_PROMPT_. Within the records below, find the line with "5月19日,在紀(jì)念西" and the line with "Aerial view of", then reproduce exactly those two lines and all lines between them, without any picture.

Saved entries

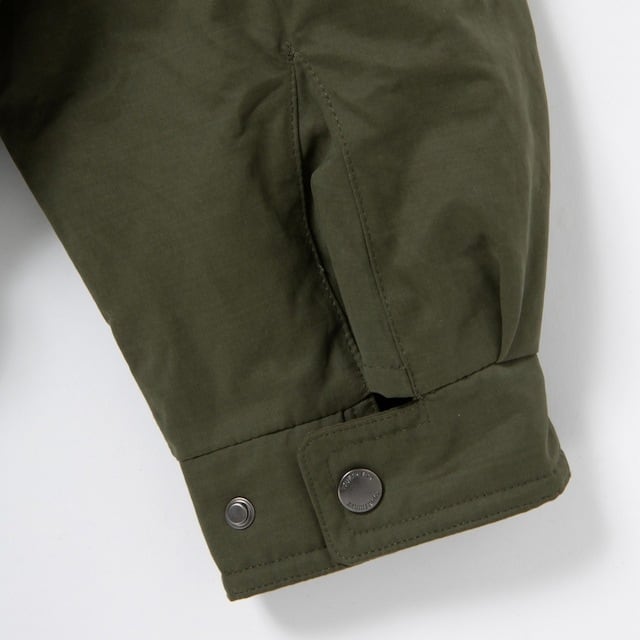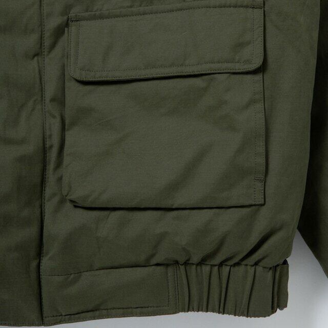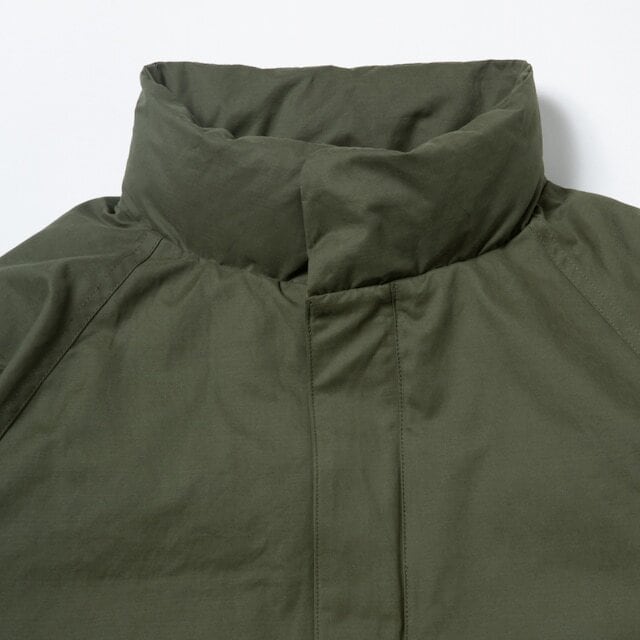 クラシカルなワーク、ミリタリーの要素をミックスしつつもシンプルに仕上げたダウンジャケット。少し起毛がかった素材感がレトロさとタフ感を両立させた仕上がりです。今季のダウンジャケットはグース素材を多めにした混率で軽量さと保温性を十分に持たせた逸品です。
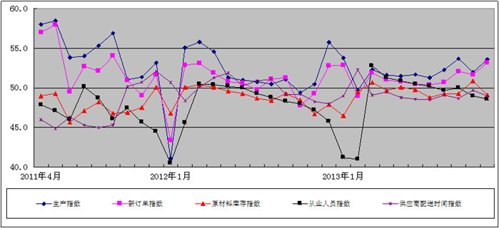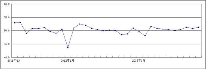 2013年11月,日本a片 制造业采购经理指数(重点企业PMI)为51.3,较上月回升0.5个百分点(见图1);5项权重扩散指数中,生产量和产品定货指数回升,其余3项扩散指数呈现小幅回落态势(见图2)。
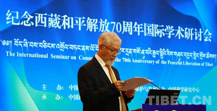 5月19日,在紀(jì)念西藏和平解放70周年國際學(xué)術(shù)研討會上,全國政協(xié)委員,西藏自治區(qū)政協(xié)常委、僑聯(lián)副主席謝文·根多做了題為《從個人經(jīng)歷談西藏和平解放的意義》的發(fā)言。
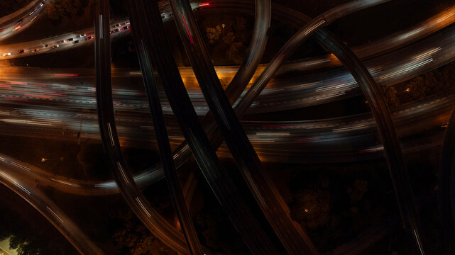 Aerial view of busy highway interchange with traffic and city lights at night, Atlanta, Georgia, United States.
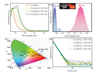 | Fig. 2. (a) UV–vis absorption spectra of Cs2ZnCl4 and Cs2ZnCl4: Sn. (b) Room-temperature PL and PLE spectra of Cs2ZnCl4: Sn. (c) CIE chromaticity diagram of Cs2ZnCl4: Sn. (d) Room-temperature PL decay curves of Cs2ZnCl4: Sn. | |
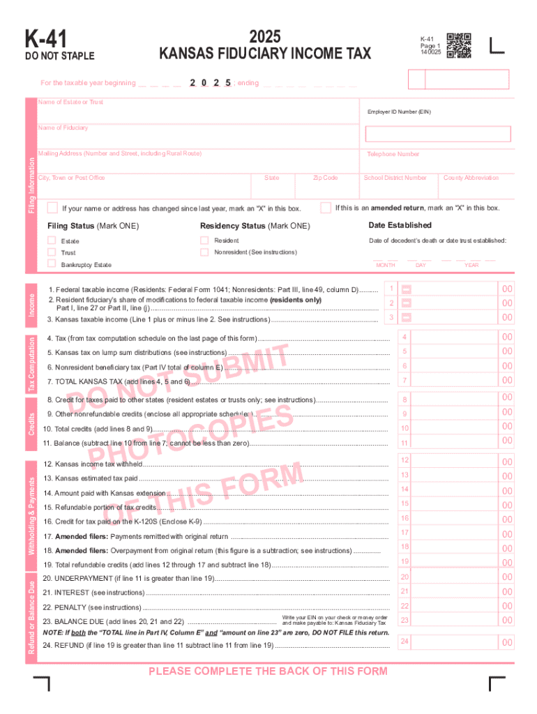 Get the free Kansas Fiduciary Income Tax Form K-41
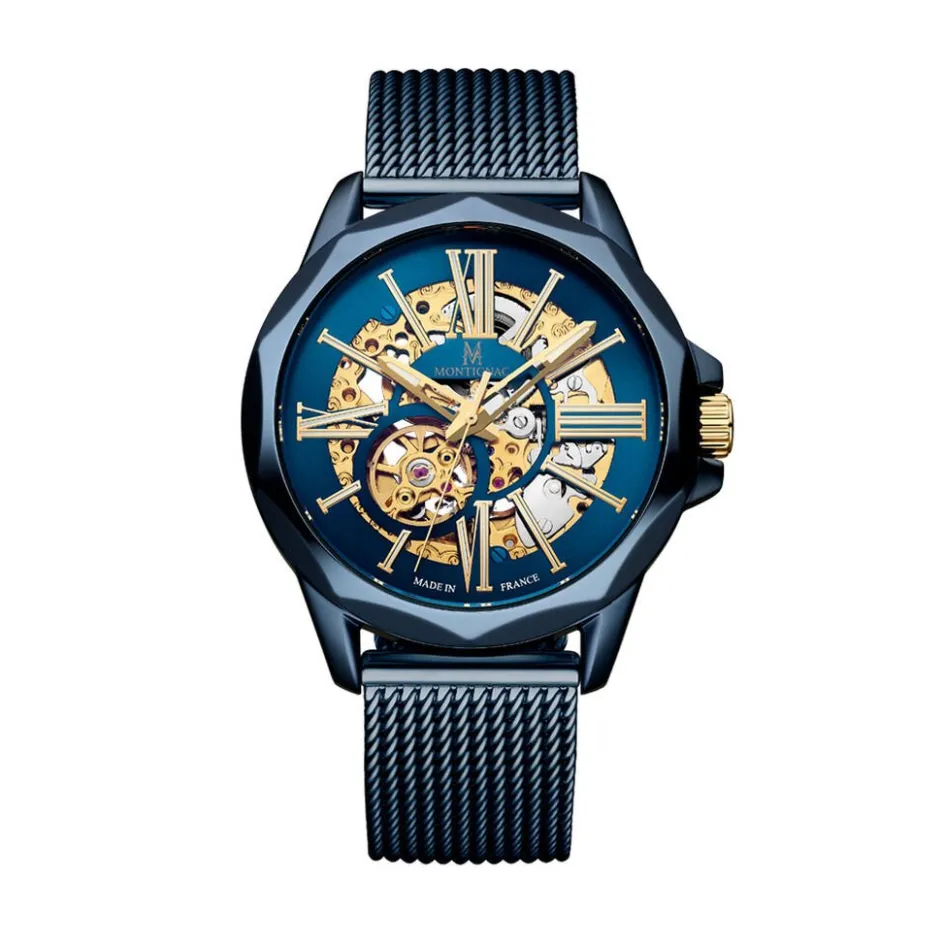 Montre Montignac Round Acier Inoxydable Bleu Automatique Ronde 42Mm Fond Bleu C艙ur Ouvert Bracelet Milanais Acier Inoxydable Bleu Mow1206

_TASK ANSWER_.
 5月19日,在紀(jì)念西藏和平解放70周年國際學(xué)術(shù)研討會上,全國政協(xié)委員,西藏自治區(qū)政協(xié)常委、僑聯(lián)副主席謝文·根多做了題為《從個人經(jīng)歷談西藏和平解放的意義》的發(fā)言。
 Aerial view of busy highway interchange with traffic and city lights at night, Atlanta, Georgia, United States.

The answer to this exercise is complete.